Triangle Problem from /b/

http://i29.tinypic.com/i40e8n.jpg

Method for obtaining a unique solution:

Assign an arbitrary length to the equal sides.  L.
Assume the bottom left corner is at the origin and derive the equations of the lines to find the endpoints of DE.
Turn DE and AE into vectors and take the dot product.

Line AD:
y = tan(80)*x

Line BD:
(2LSin10, 0)
m = -tan(60)
y = -tan60 (x - 2LSin10)

Point D:
tan(80)x = -tan60 (x - 2LSin10)
(tan80 + tan60)x = 2Lsin(10)tan(60)
x = 2Lsin(10)Tan(60) / (tan80 + tan60)
y = 2Lsin(10)Tan(60)Tan(80) / (tan80 + tan60)

Line AE:
y = tan(70)*x

Line BE:
(2LSin10, 0)
m = -tan(80)
y = -tan(80) (x - 2LSin10)

Point E:
tan(70)*x = -tan(80) (x - 2LSin10)
(tan70 + tan80)*x = 2LSin(10)Tan(80)
x = 2LSin(10)Tan(80) / (tan70 + tan80)
y = 2LSin(10)Tan(80)Tan(70) / (tan70 + tan80)

Vector DE:
x: 2Lsin(10)Tan(60) / (tan80 + tan60) - 2LSin(10)Tan(80) / (tan70 + tan80)
y: 2Lsin(10)Tan(60)Tan(80) / (tan80 + tan60) - 2LSin(10)Tan(80)Tan(70) / (tan70 + tan80)

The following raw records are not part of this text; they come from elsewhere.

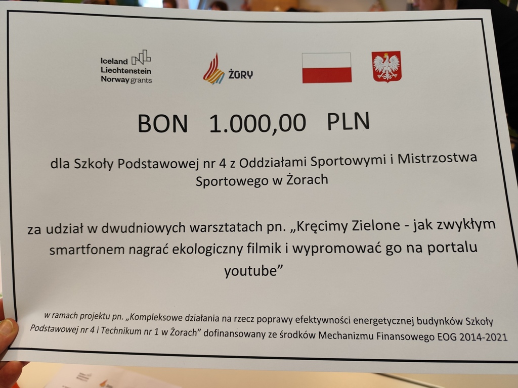 As part of the project entitled “Comprehensive actions to improve the energy efficiency of buildings of Primary School No. 4 and Technical School No. 1 in Żory”, workshops were held under the slogan “We are shooting Green – how to record an ecological video with an ordinary smartphone and promote it on YouTube portal”, during which young people recorded videos with an ecological message.
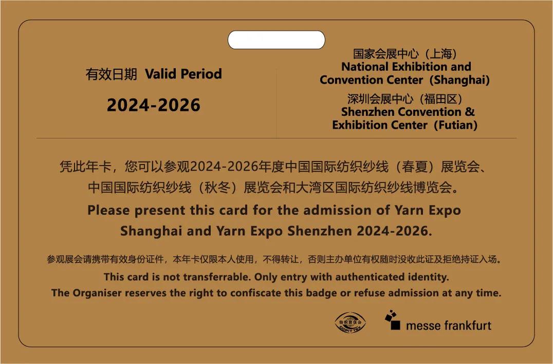 Yarn Expo紗線展貴賓買家年卡是Yarn Expo紗線展組委會(huì)為專業(yè)觀眾提供的特別服務(wù)。貴賓買家年卡三年為一個(gè)有效周期,本周期即在2024至2026年三年內(nèi),持卡觀眾可憑此卡參觀2024-2026年度中國(guó)國(guó)際紡織紗線(春夏)展覽會(huì)、大灣區(qū)國(guó)際紡織紗線博覽會(huì)、中國(guó)國(guó)際紡織紗線(秋冬)展覽會(huì),并享受主辦方為您提供的系列專屬服務(wù)。
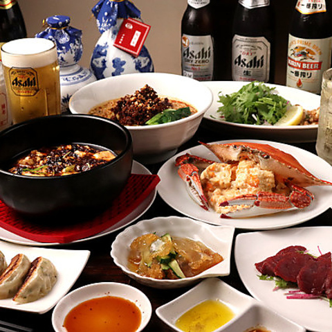 ゆったり3時間飲み放題が楽しめるコースもご用意しています。6600円(税込)コースでは自慢の麻婆豆腐や炒め物、点心まで全8品を堪能でき、8800円(税込)コースなら北京ダックや蟹の炒め物など豪華な逸品が登場します。美味しい料理とお酒を囲んで、大切な仲間と特別なひとときをお過ごしください♪

Each term has 2Lsin(10) which can be factored out, Leaving:
<.43969,.52400>

Vector AE:
x: 2LSin(10)Tan(80) / (tan70 + tan80) - 0
y: 2LSin(10)Tan(80)Tan(70) / (tan70 + tan80) - 0

Again factoring out 2Lsin(10) leaves us with:
<.63736,1.8508>

DE (dot) AE = |DE| * |AE| * Cos(x)
1.2500 = 1.3389 * Cos(x)
Cos(x) = .93354
x = 21

>>1
Entire point was to do it with basic geometry. It's trivial with trig.